MARINE CORPS BASE HAWAII, KANEOHE BAY, Hawaii — “I just want to get it over with,” said Lance Cpl. William S. Bolamos, fire-team leader, India Company, 3rd Battalion, 3rd Marine Regiment, as he stood in line to get his share of Oleoresin Capsicum spray squirted into his eyes, July 28, during an O.C. spray course held at the Boondocker aboard Marine Corps Base Hawaii, Kaneohe Bay. “I’m totally relaxed now, but I know as soon as it’s my turn to be sprayed, the nervousness will hit me.”

This was the first time Bolamos, a Miami, Fla. native, had been sprayed with the O.C. spray, which was the same situation for more than 90 percent of his fellow Marines from India Company. The armed services have been using O.C. spray since 1993 for riot control by their military police. Under the guidelines set forth in ALMAR 305-98, Marines required to carry the spray will experience the effects of O.C. with a level-one exposure, which is direct contamination.

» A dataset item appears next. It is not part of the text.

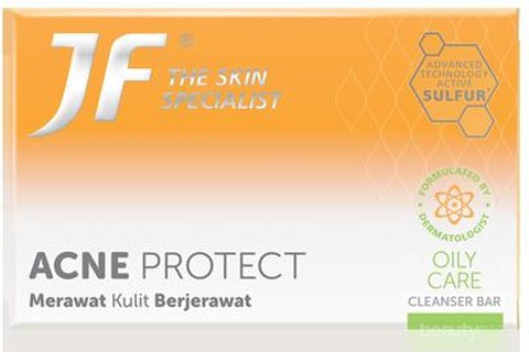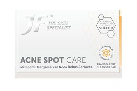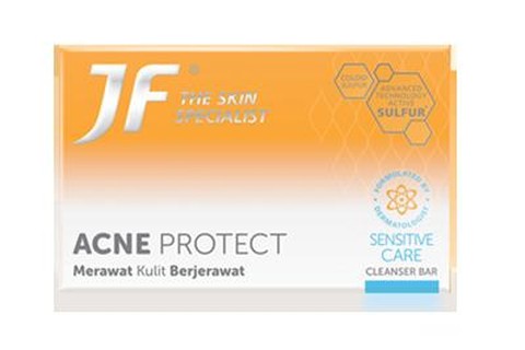JF Sulfur adalah sabun sulfur pertama di Indonesia. Diformulasikan oleh dokter spesialis kulit, JF Sulfur mengandung bahan aktif “natural anti-bacterial” untuk melawan jerawat, tanpa membuat kulitmu kering. Kini, JF Sulfur telah berganti nama menjadi JF The Skin Specialist, dan menghadirkan beragam perawatan berbeda sesuai kebutuhan kulit berjerawat.

“Our Marines are now assuming the Marine Security Element for Joint Task Force 510, based out of Marine Forces Pacific, Camp Smith,” said Lt. Justin M. Bellman, executive officer, India Company, 3/3. “We’re going through the O.C. spray course so we know the techniques in case we have to react to a riot or a nonlethal situation.”

Bellman, a Newark, Del. native, described the nonlethal weapon, which is the oil taken from the placenta near the stem of a pepper, they are being sprayed by, to be 10 times more effective than the average pepper spray purchased from stores.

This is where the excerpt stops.